A spacecraft's high speed as it streaks toward Earth means that re-entry is "the most critical [phase] in terms of the damage you get if it's just slightly wrong," says planetary scientist Simon Green of The Open University in Britain. "You have to enter the atmosphere at just the right angle or you bounce off or burn the spacecraft up."

Mission control must steer the spacecraft with extreme precision to prepare it to plunge into the Earth's atmosphere, says Shyam Bhaskaran of NASA's Jet Propulsion Laboratory, which is helping the Japanese guide Hayabusa home.

The required accuracy is like having "to throw a ball from here in Los Angeles and hit a spot about 3 feet wide 40 miles away in Santa Monica," he says.

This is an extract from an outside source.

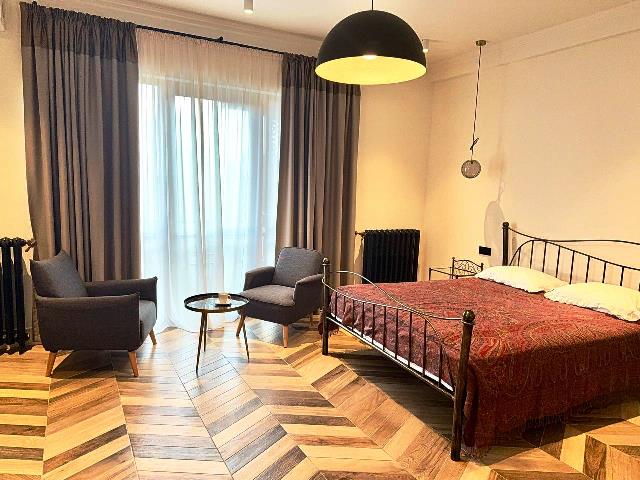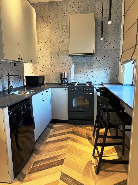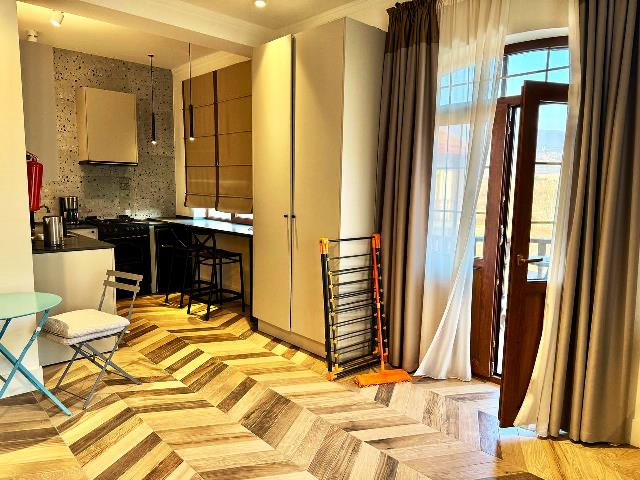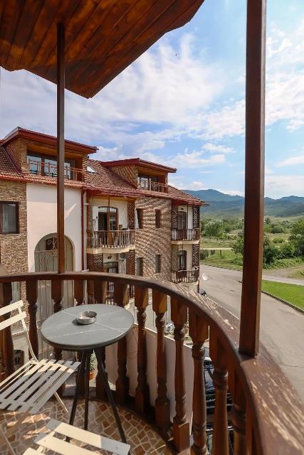 1-roomed 50 sq.m. apartment for rent in Mtskheta, on Antiokia str, in new building, on the third floor, new renovated, with central heating, air-conditioner, furniture, technique, internet, balcony with excellent views on Jvari and Svetitskhoveli, short-term rent is possible

Then there are the questions over whether the canister will in fact be ... empty. Hayabusa twice approached its target asteroid, named Itokawa, in 2007. The ship was not supposed to land, but it did, before Mission Control lost contact with it. No one is sure whether the technology to collect dust from the asteroid's surface actually worked.

At best, say scientists, there will be a sprinkling of dust inside Hayabusa's canister. That could be enough. Modern laboratory techniques can wring valuable data out of a dust pile weighing less than a flea. Even a tiny bit would shed light on the asteroid's composition, which itself would illuminate the ingredients found in the early solar system.

If the canister does make it to Earth intact, it would be a triumph, whether it holds any asteroid dust.

Somehow Hayabusa has survived problems like these that would have finished off a lesser ship:
  • Two of the three devices that keep it pointed in the right direction have stopped working.
  • A fuel leak led to a seven-week communications blackout in 2005.
  • Several of its high-tech engines no longer function.
"We all thought the mission was over more than once," Cheng says. "But unbelievably, they managed to find a way to carry on. I guess that's the samurai spirit."